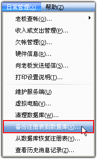 备份:在服务端“日常管理”菜单下,选择“备份注册表到数据库”,然后设置一个备份的名称,例如:春节优惠活动费率,中秋节优惠活动费率等。
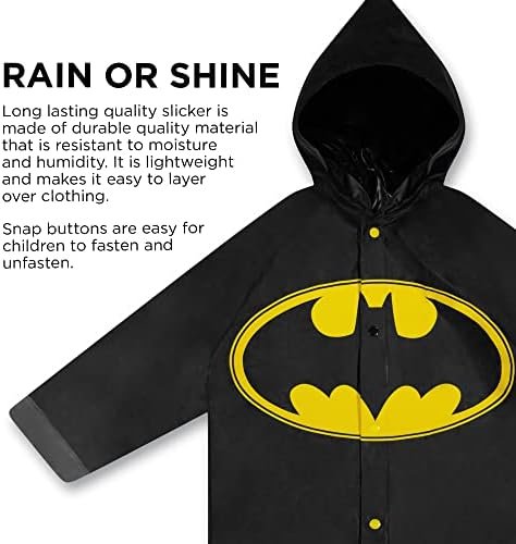 Premium Quality: These Batman rain poncho and umbrella set are made of durable vinyl water-repellent material that is resistant to moisture and humidity. Poncho features an adjustable hood with an elastic band and convenient easy-to-use snap closures. The matching umbrella is made of durable polyester material. it features a safety cap, Batman clamshell handle, velcro strap and nylon cord for easy carrying.
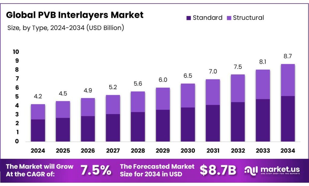 - The global PVB interlayers market is projected to grow at a CAGR of 7.5% and is estimated to reach USD 8.7 billion by 2034.
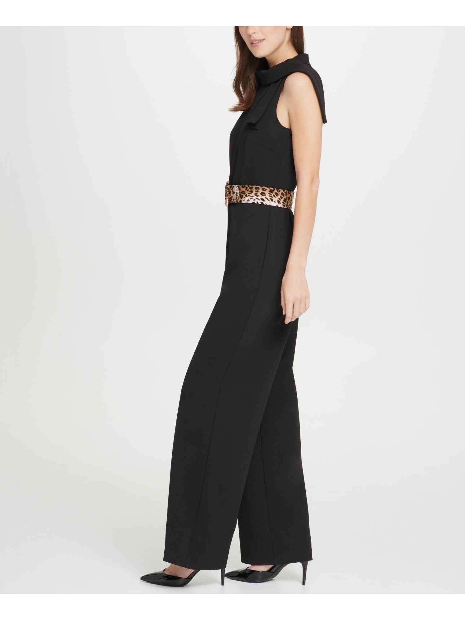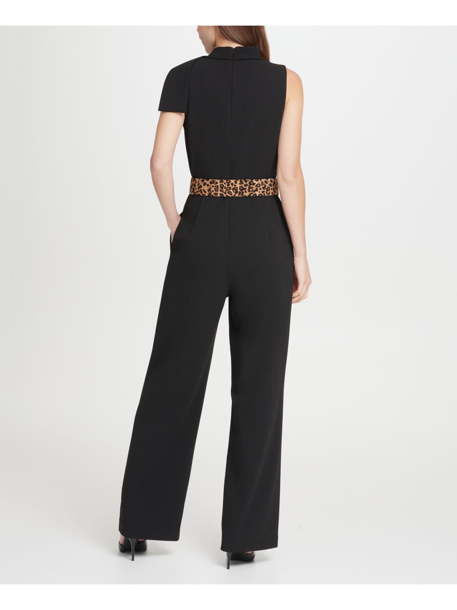 Macacão feminino DKNY com decote em V e cinto de leopardo, preto, tamanho 16
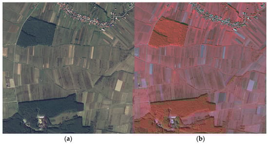 Samples of the aerial imagery. (a) RGB image; (b) CIR image.
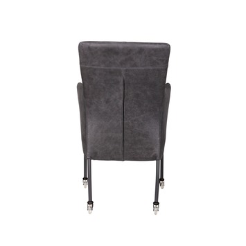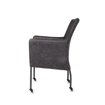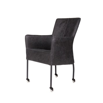 Een moderne strakke echt lederen eetkamerstoel Breeze met dichte armleuningen. De stoel Breeze heeft metalen poten die voorzien zijn van transparante en parket/laminaatvriendelijke kunststof wielen. De stoel Breeze is bekleed met oersterk zwart geborsteld pilotenleder (rundsleder) dat iets ruw aanvoelt. Het zwarte leder in combinatie met de slanke metalen zwart gelakte buispoten met transparante wieltjes maken van deze stoel een blikvanger in elk interieur. De eetkamerstoel Breeze heeft de afmetingen (bxdxh): 59x60x90,5 cm. De armleuninghoogte van af de vloer is 67,5 cm. De zitdiepte is 44 cm en de zitbreedte, verloopt van voor naar achter, van 45 cm naar 35 cm. De zithoogte, verloopt van voor naar achter,van 48 cm naar 44 cm en de rughoogte is 48 cm. Een eetkamerstoel van hoge kwaliteit met een heerlijk zitcomfort. Een stoel waarop lekker lang tafelen een genot is.
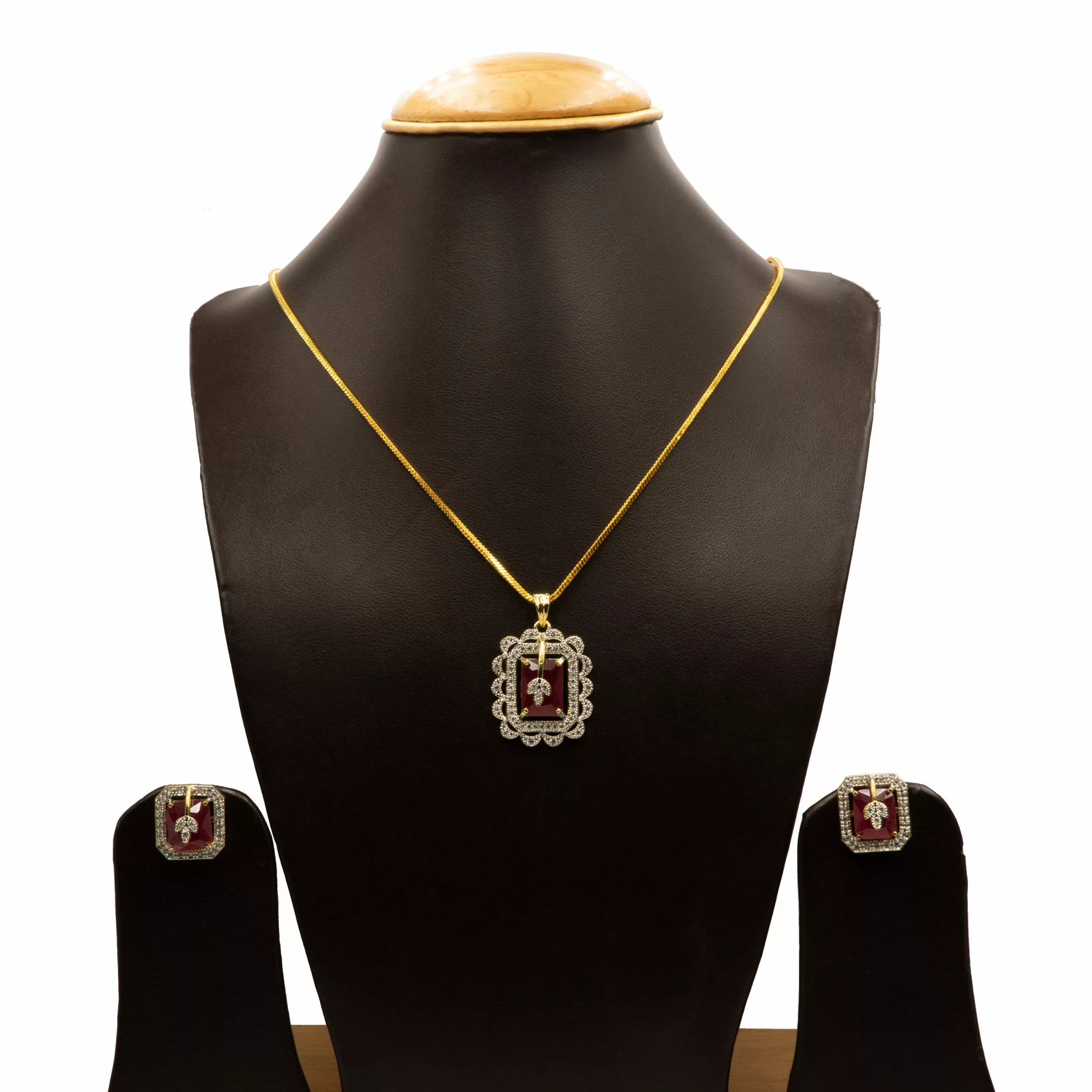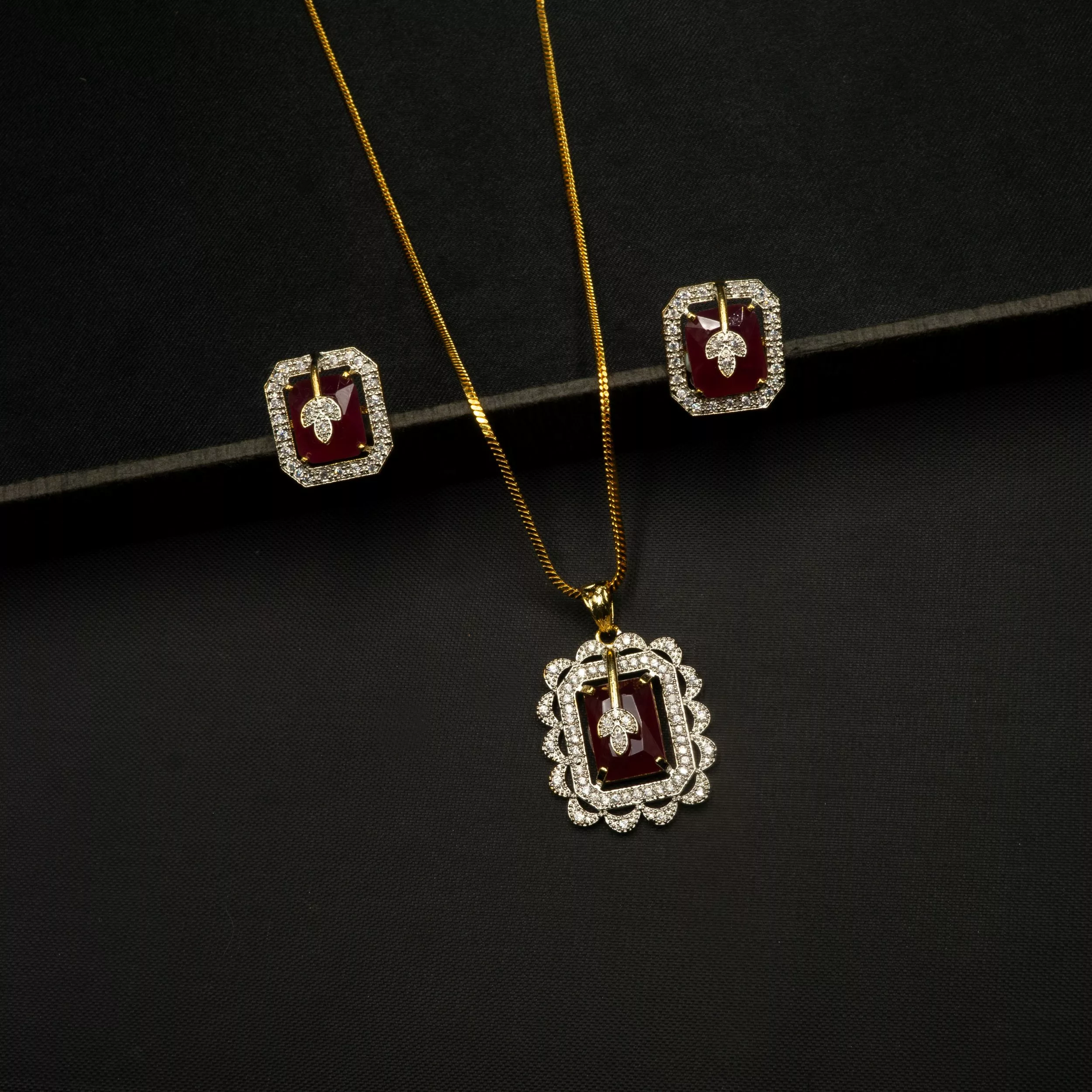 PS-2111005 – Radiant Ruby American Diamond Pendant Set
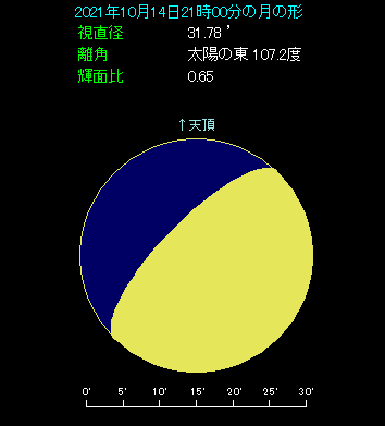 10月14日は月と土星が斜めに並びます。 21時ごろ、南西の空をご覧ください。月齢8.0で上弦の翌日という、少し丸みを帯びた月が見えます。土星は月の右上にあって0.5等で光り、4.7度の間隔で並んでいます。
===============
Activity
Everything in the data above should be set down again exactly, except the pictures.

Answer to the exercise
 备份:在服务端“日常管理”菜单下,选择“备份注册表到数据库”,然后设置一个备份的名称,例如:春节优惠活动费率,中秋节优惠活动费率等。
 Premium Quality: These Batman rain poncho and umbrella set are made of durable vinyl water-repellent material that is resistant to moisture and humidity. Poncho features an adjustable hood with an elastic band and convenient easy-to-use snap closures. The matching umbrella is made of durable polyester material. it features a safety cap, Batman clamshell handle, velcro strap and nylon cord for easy carrying.
 - The global PVB interlayers market is projected to grow at a CAGR of 7.5% and is estimated to reach USD 8.7 billion by 2034.
 Macacão feminino DKNY com decote em V e cinto de leopardo, preto, tamanho 16
 Samples of the aerial imagery. (a) RGB image; (b) CIR image.
 Een moderne strakke echt lederen eetkamerstoel Breeze met dichte armleuningen. De stoel Breeze heeft metalen poten die voorzien zijn van transparante en parket/laminaatvriendelijke kunststof wielen. De stoel Breeze is bekleed met oersterk zwart geborsteld pilotenleder (rundsleder) dat iets ruw aanvoelt. Het zwarte leder in combinatie met de slanke metalen zwart gelakte buispoten met transparante wieltjes maken van deze stoel een blikvanger in elk interieur. De eetkamerstoel Breeze heeft de afmetingen (bxdxh): 59x60x90,5 cm. De armleuninghoogte van af de vloer is 67,5 cm. De zitdiepte is 44 cm en de zitbreedte, verloopt van voor naar achter, van 45 cm naar 35 cm. De zithoogte, verloopt van voor naar achter,van 48 cm naar 44 cm en de rughoogte is 48 cm. Een eetkamerstoel van hoge kwaliteit met een heerlijk zitcomfort. Een stoel waarop lekker lang tafelen een genot is.
 PS-2111005 – Radiant Ruby American Diamond Pendant Set
 10月14日は月と土星が斜めに並びます。 21時ごろ、南西の空をご覧ください。月齢8.0で上弦の翌日という、少し丸みを帯びた月が見えます。土星は月の右上にあって0.5等で光り、4.7度の間隔で並んでいます。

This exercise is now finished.